Gilles Villeneuve

Crédit : Le Journal de Montreal

F1

Le banquet des retrouvailles

Louis Butcher

Publié | Mis à jour

Il y a un an, Alain Bellehumeur lançait un véritable cri du cœur pour sauver le musée Gilles-Villeneuve qu’il dirige depuis sa fondation en 1988.

La pandémie n’a pas épargné cet établissement érigé à Berthierville, ville où le célèbre pilote automobile a vécu son enfance. Si bien que son avenir, faute de ressources financières, a été remis en question à plus d’une reprise.

Aujourd’hui, le musée vit d’espoir, en espérant que le retour éventuel à la normalité va permettre de renflouer ses coffres et surtout de relancer un projet d’agrandissement freiné par la crise sanitaire.

Ce contexte défavorable a forcé non seulement la fermeture temporaire du musée pendant un peu plus de 150 jours, mais aussi l’annulation des deux événements qui représentent ses principales sources de revenus.

Des touristes convoités

«C’est un manque à gagner d’environ 100 000 $», a fait savoir Alain Bellehumeur, en entrevue avec Le Journal, à l’occasion du Banquet du musée Gilles-Villeneuve tenu jeudi soir à l’hôtel InterContinental à Montréal, après un an d’absence.

«Sans banquet et sans Grand Prix du Canada de Formule 1 [rayé du calendrier de la F1 pendant deux ans], la situation s’est aggravée, souligne-t-il. Habituellement, le musée ne réalise ni profits ni pertes. On réussit à arriver kif-kif.»

«Si bien qu’on a utilisé la marge de manœuvre qui était destinée à notre projet d’agrandissement, a-t-il renchéri. Comme beaucoup d’entreprises, il a fallu emprunter de l’argent qu’on devra un jour rembourser.»

La semaine du Grand Prix est celle qui attire le plus de touristes internationaux à Berthierville. Ils achètent beaucoup de souvenirs à la boutique. Mais ces visiteurs convoités ne sont pas venus depuis plus de 16 mois.

«Néanmoins, on est fiers d’avoir tenu le coup malgré tout, raconte M. Bellehumeur. On a appris récemment la fermeture du musée Grévin, a-t-il rappelé. Notre établissement n’a pas cette ampleur, mais au moins, on a survécu grâce à notre acharnement et à la contribution de nos bénévoles.»

«On a réussi à organiser notre banquet et on se croise les doigts pour que le Grand Prix du Canada ait lieu en juin prochain.»

Les amateurs de courses avaient hâte de se revoir et de partager leur passion.

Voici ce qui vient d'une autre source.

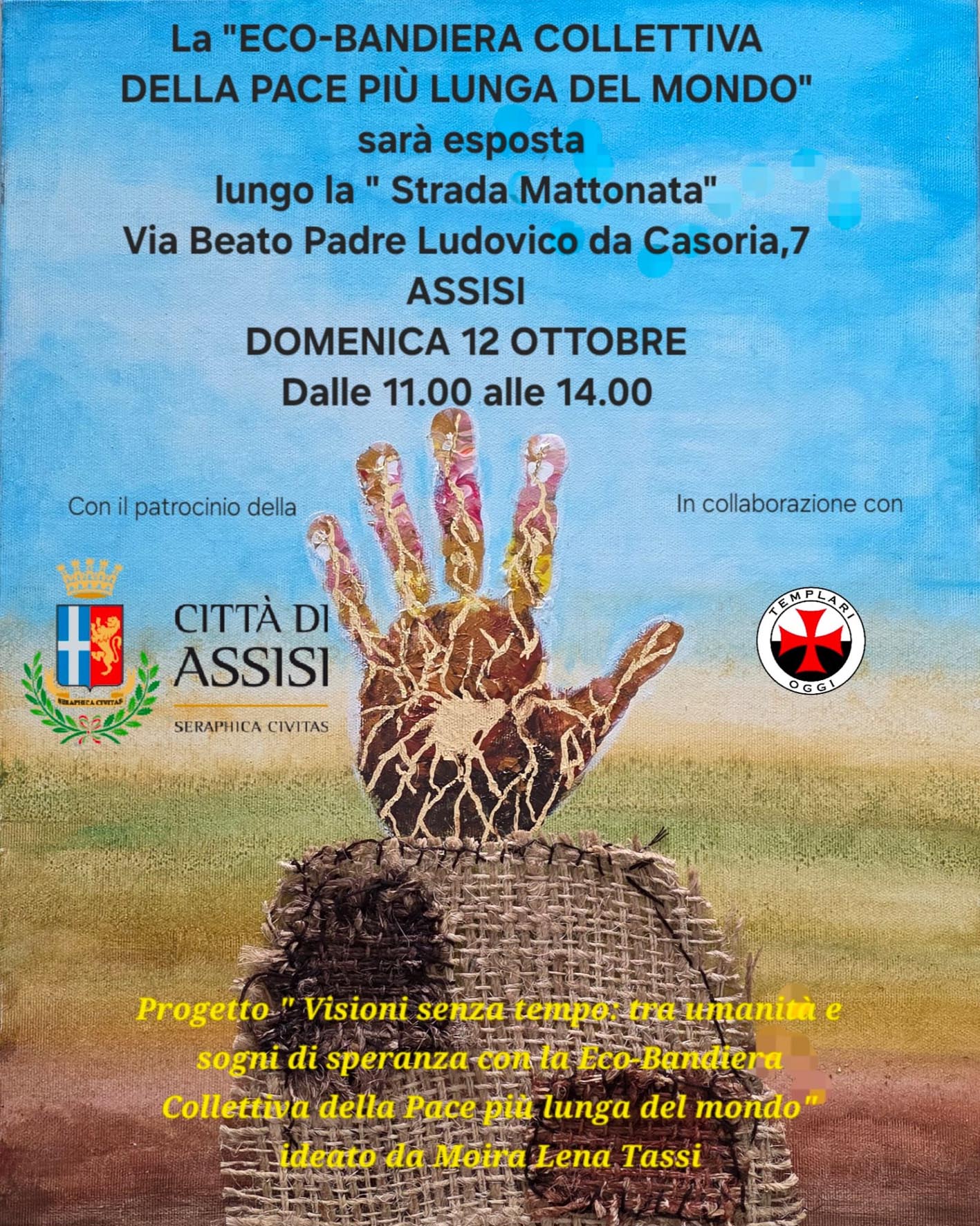 “Aderisco con gioia all’esposizione della “eco – bandiera collettiva della pace più lunga del mondo. Un’ iniziativa pregevole, evocativa dei temi più cari alla città del Santo più amato: la pace, la fratellanza, la concordia tra i popoli. Un modo originale per attrarre l’attenzione, attraverso l’arte e la spontaneità della pittura e del disegno, sui conflitti che affliggono l’umanità. L’eco-bandiera di Moira Lena Tassi rappresenta un grido di pace che da Assisi spero giunga in ogni angolo del mondo.”

«Ils étaient plus nombreux à notre banquet cette année qu’en 2019», a constaté M. Bellehumeur.

«Ce sont de belles retrouvailles», a-t-il ajouté.

C’est aussi une bonne nouvelle que la ministre du Tourisme du Québec, Caroline Proulx, ait accepté de participer au banquet.

«Je suis honoré par sa présence, a dit le directeur général du musée. Nous sommes l’attraction la plus internationale de sa circonscription [Berthier]. On a fait nos preuves et on a juste besoin d’un coup de pouce.»

Piste de karting

Dans son projet d’agrandissement, le musée Gilles-Villeneuve souhaite aménager une piste de karting électrique.

«C’est un investissement important, mais on parle ici de valeur ajoutée, de prétendre Alain Bellehumeur. On veut que les gens viennent au musée plusieurs fois par année. Pas une fois à tous les 10 ans. On veut également organiser quelques expositions thématiques et ajouter des objets qui, faute de place, sont actuellement entreposés.»

L’année 2022 marquera le 40e anniversaire du décès tragique du pilote Gilles Villeneuve au circuit de Zolder, le 8 mai 1982. On imagine qu’autant le Grand Prix du Canada, qu’il avait remporté en 1978, que le musée qui porte son nom vont organiser une série d’activités pour nous rappeler les prouesses de ce grand ambassadeur fauché en pleine gloire.